§ **What this task involves**
Repeat, line for line, only the span that opens at the "It has been" line and closes at the final line below. Skip the pictures.

=-=-=-=-=

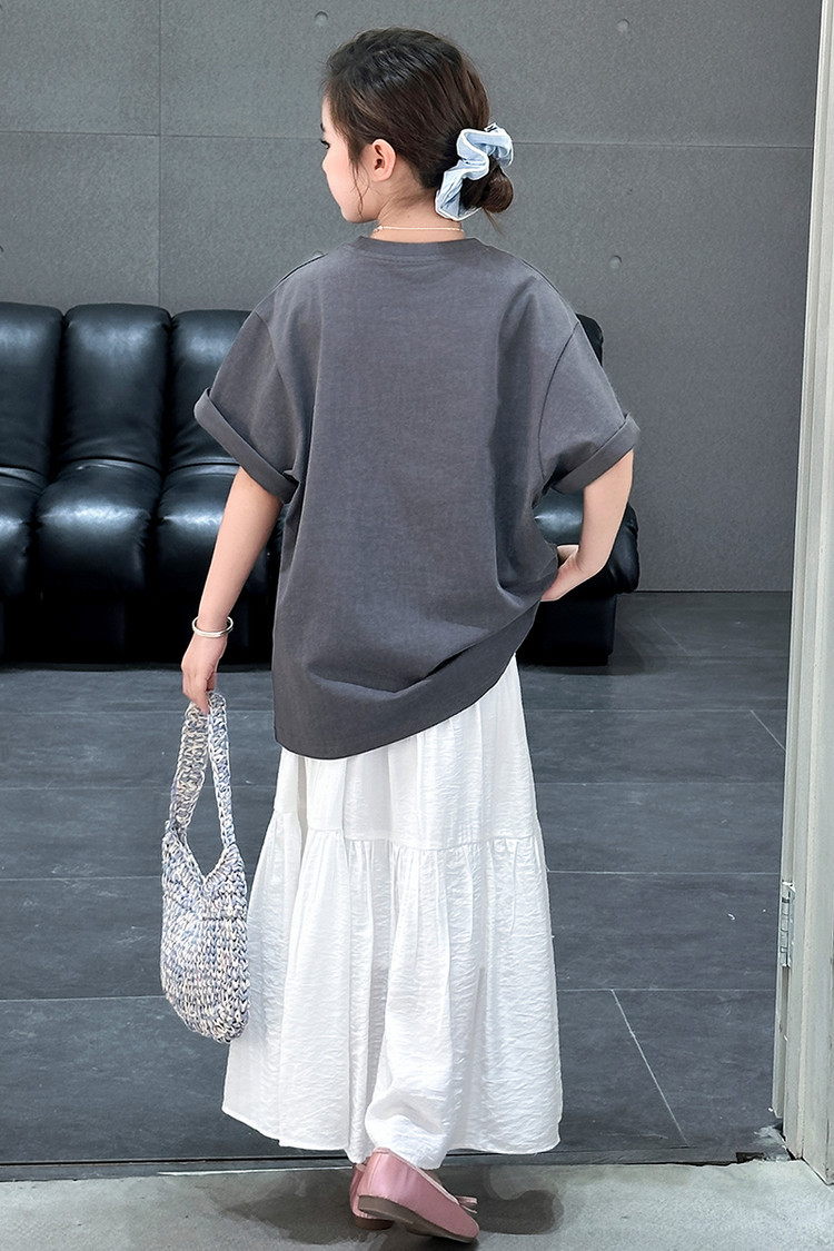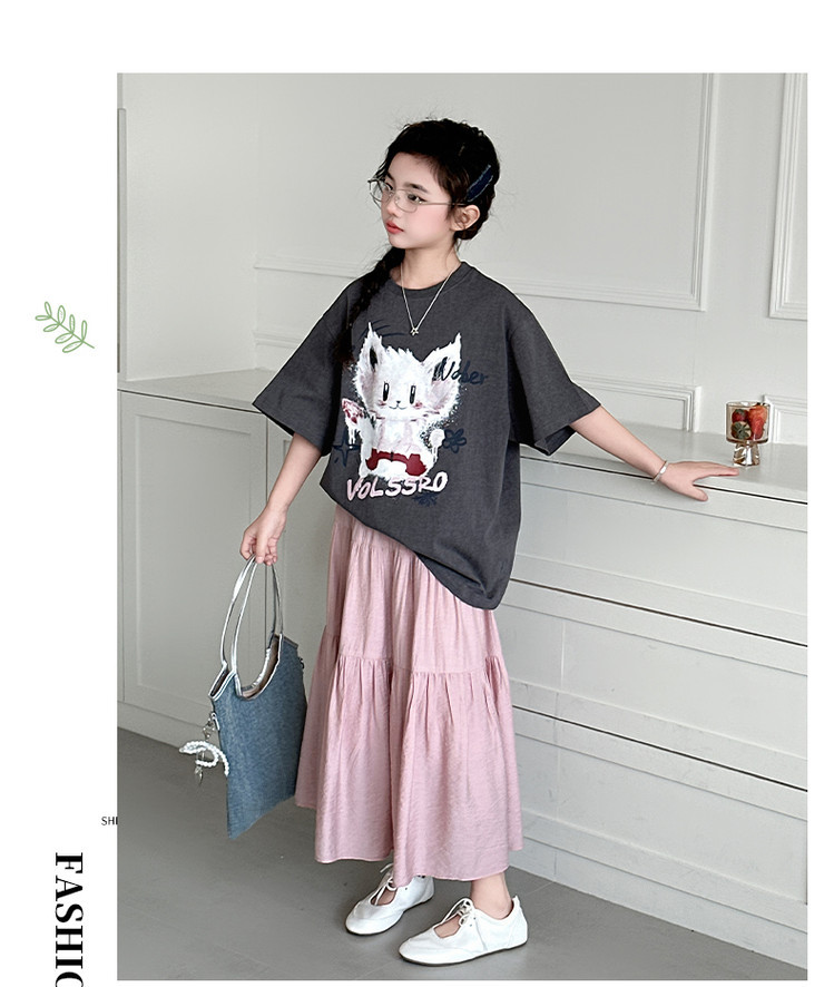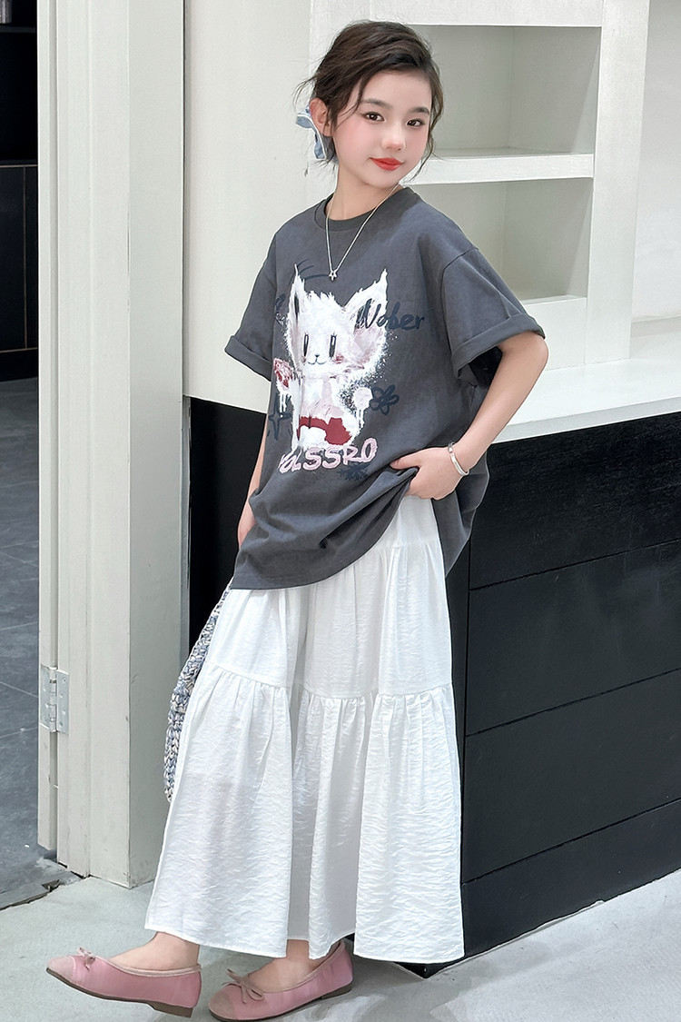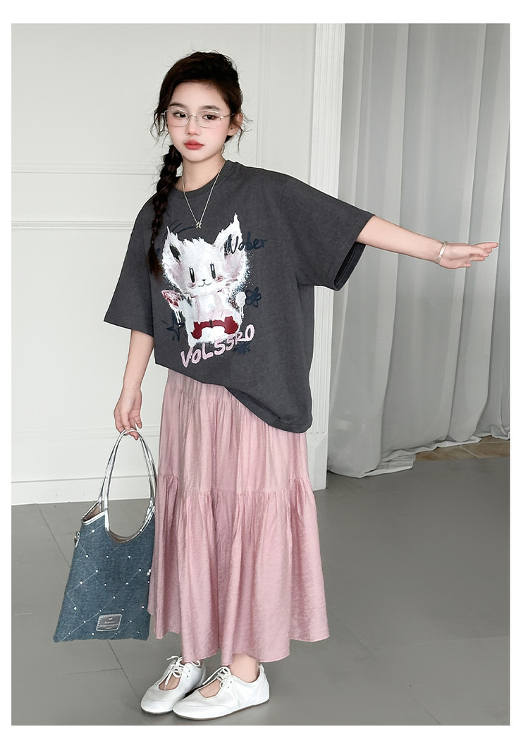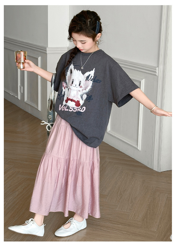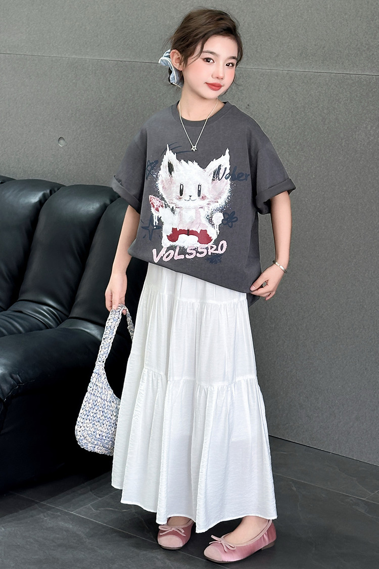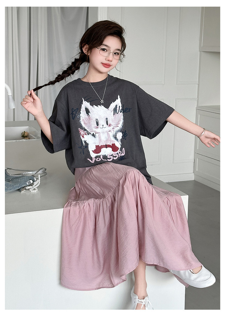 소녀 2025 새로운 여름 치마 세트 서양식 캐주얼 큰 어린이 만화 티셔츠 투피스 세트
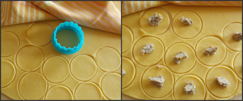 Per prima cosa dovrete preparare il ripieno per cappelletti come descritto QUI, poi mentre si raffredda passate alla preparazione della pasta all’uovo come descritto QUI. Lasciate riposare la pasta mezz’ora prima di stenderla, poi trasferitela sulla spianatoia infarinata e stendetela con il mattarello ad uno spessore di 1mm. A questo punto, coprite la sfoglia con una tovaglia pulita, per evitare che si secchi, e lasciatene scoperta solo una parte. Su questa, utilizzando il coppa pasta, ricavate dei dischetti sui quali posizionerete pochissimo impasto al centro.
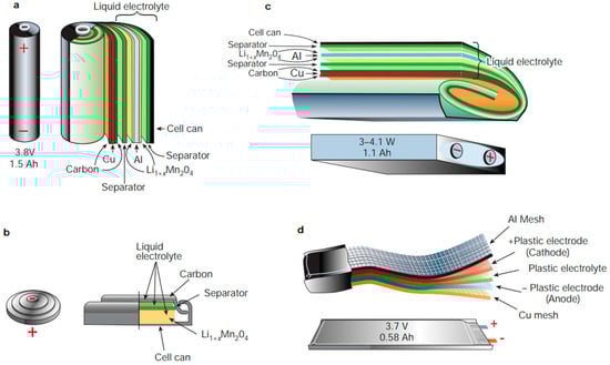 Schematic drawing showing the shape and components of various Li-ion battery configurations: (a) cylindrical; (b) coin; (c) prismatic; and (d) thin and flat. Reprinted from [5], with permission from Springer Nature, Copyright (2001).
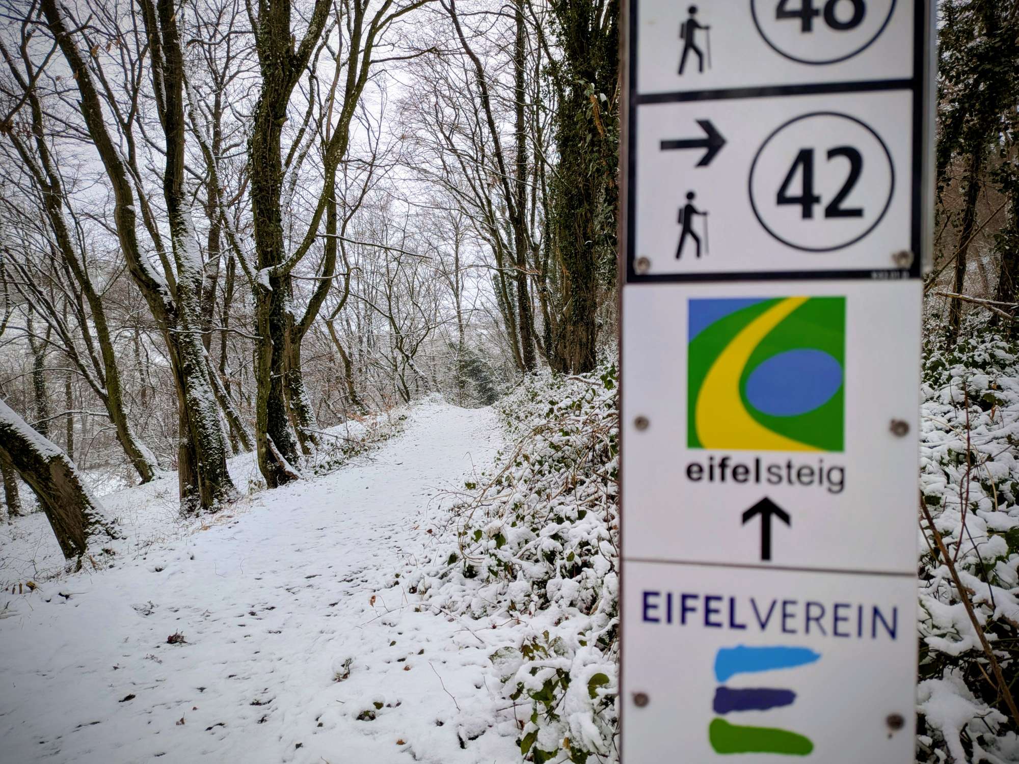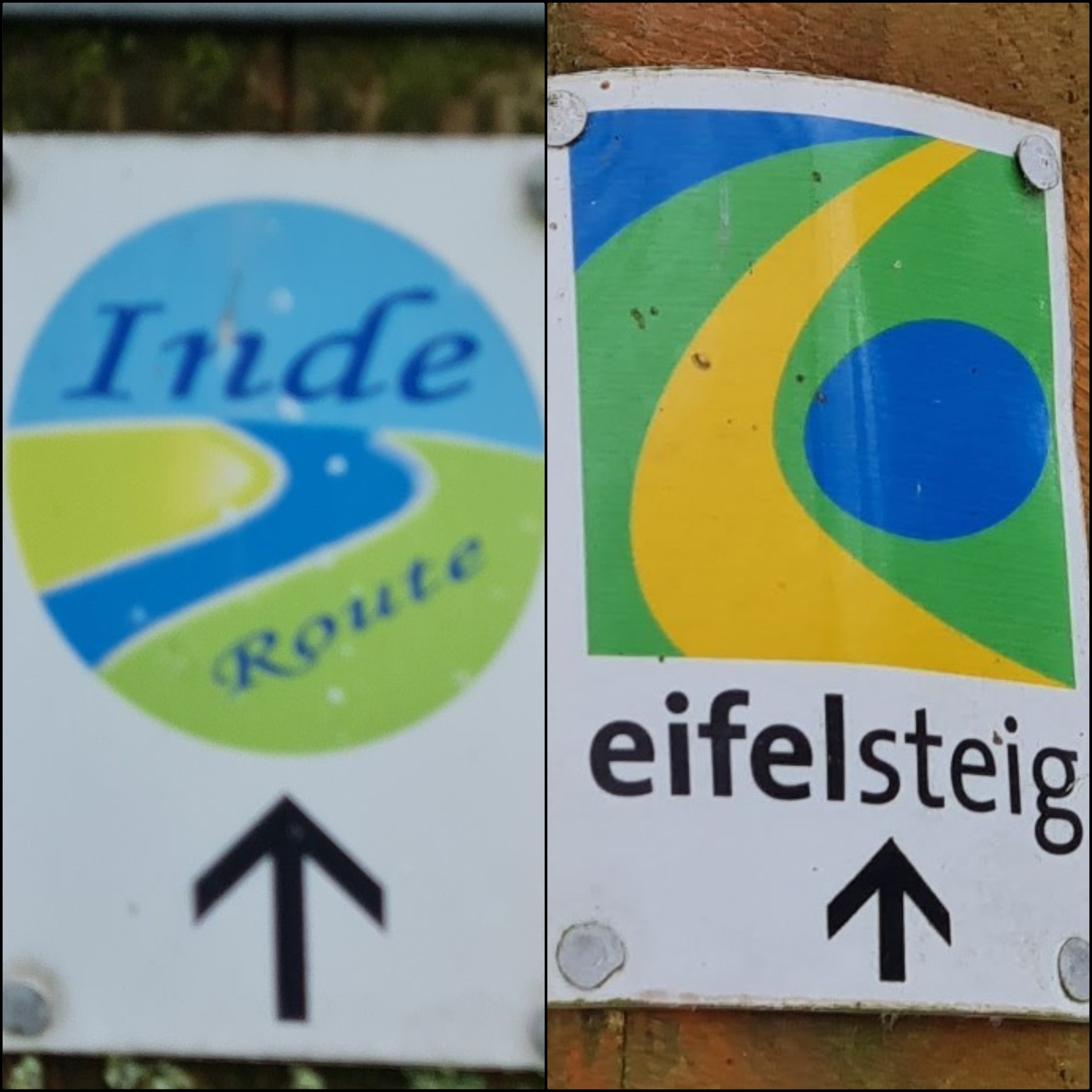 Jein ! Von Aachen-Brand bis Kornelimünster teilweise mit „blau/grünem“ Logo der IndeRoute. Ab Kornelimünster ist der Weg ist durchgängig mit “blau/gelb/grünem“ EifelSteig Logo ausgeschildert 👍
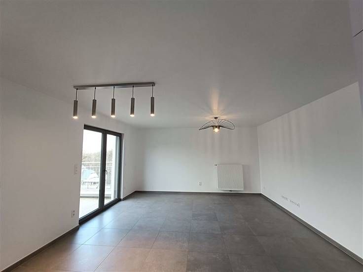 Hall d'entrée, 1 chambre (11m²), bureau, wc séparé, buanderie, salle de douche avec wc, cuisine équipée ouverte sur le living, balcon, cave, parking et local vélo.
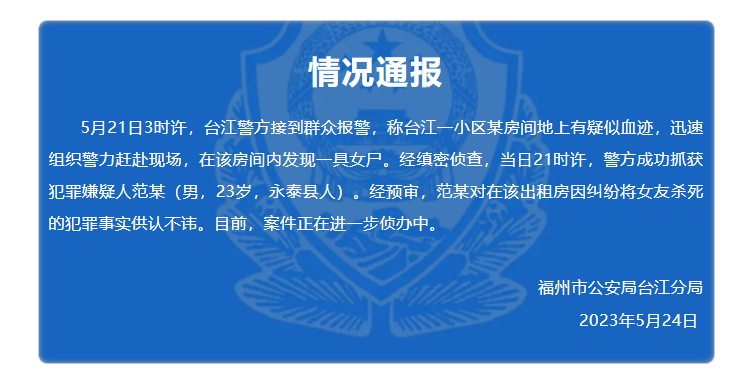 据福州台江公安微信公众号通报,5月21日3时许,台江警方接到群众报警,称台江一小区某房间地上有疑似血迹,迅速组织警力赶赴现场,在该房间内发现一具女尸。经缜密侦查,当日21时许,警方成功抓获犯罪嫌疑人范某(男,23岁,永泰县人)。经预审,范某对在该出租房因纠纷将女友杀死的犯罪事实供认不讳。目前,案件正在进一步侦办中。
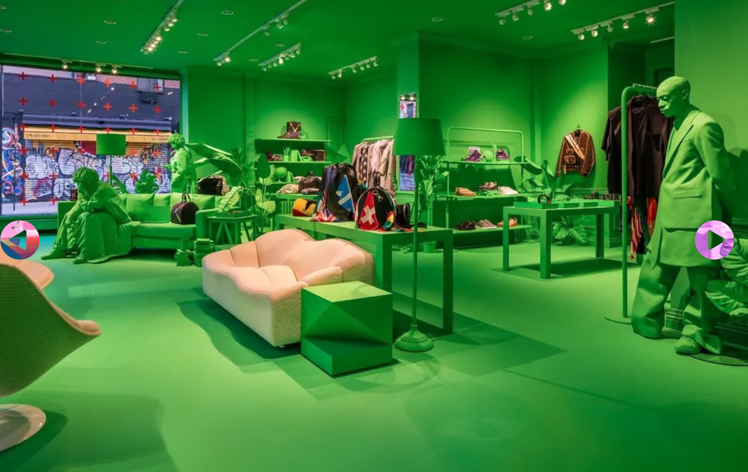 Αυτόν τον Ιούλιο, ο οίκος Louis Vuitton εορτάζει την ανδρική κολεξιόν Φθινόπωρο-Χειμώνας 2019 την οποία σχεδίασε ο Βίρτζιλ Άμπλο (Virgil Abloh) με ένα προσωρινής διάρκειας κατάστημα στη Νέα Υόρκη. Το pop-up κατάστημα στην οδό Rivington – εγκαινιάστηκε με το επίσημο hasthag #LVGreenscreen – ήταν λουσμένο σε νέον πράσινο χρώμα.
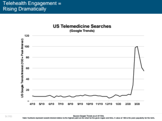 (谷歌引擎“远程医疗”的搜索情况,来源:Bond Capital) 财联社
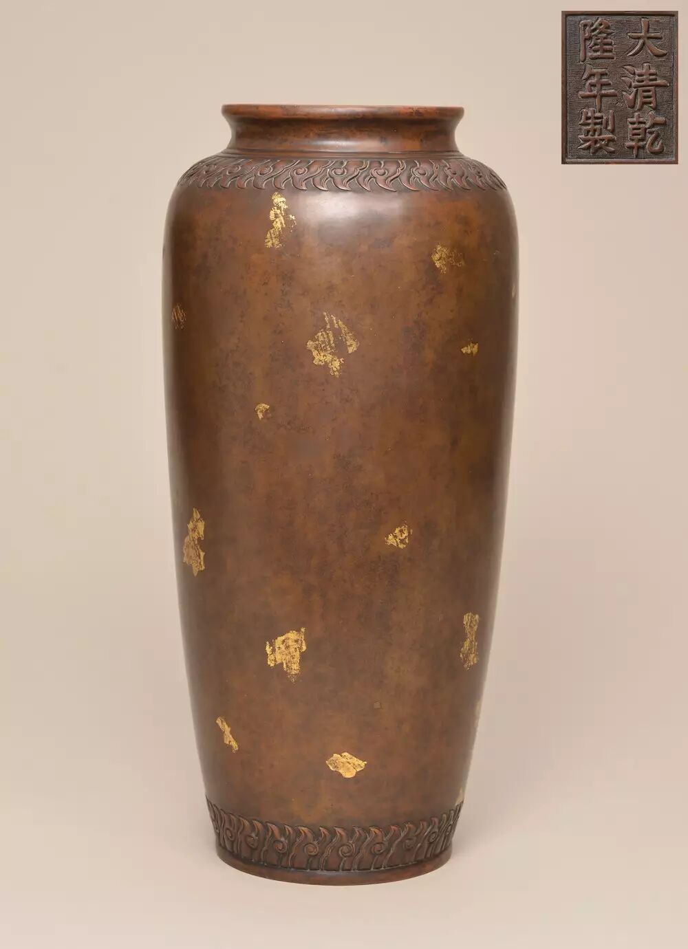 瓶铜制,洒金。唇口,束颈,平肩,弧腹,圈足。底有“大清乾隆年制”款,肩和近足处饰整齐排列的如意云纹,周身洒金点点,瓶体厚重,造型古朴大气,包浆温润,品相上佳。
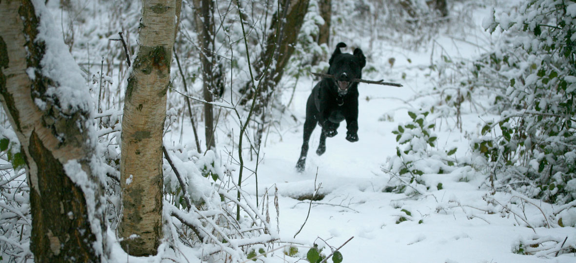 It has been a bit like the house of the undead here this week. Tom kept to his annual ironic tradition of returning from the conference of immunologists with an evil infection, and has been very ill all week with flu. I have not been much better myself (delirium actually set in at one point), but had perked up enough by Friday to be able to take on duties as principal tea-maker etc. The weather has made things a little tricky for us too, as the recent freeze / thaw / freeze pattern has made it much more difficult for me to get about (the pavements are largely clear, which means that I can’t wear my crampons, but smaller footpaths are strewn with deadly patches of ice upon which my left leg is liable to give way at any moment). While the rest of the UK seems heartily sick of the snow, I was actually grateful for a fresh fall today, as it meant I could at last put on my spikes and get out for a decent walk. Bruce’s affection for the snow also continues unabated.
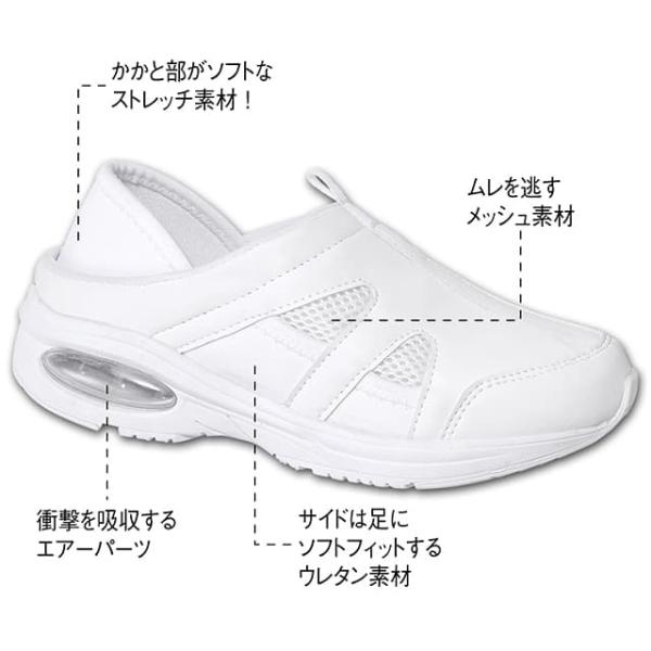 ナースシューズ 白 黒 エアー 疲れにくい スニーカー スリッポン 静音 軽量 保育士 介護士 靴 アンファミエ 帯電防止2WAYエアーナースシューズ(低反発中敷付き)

=-=-=-=-=

§ **Result**
 It has been a bit like the house of the undead here this week. Tom kept to his annual ironic tradition of returning from the conference of immunologists with an evil infection, and has been very ill all week with flu. I have not been much better myself (delirium actually set in at one point), but had perked up enough by Friday to be able to take on duties as principal tea-maker etc. The weather has made things a little tricky for us too, as the recent freeze / thaw / freeze pattern has made it much more difficult for me to get about (the pavements are largely clear, which means that I can’t wear my crampons, but smaller footpaths are strewn with deadly patches of ice upon which my left leg is liable to give way at any moment). While the rest of the UK seems heartily sick of the snow, I was actually grateful for a fresh fall today, as it meant I could at last put on my spikes and get out for a decent walk. Bruce’s affection for the snow also continues unabated.
 ナースシューズ 白 黒 エアー 疲れにくい スニーカー スリッポン 静音 軽量 保育士 介護士 靴 アンファミエ 帯電防止2WAYエアーナースシューズ(低反発中敷付き)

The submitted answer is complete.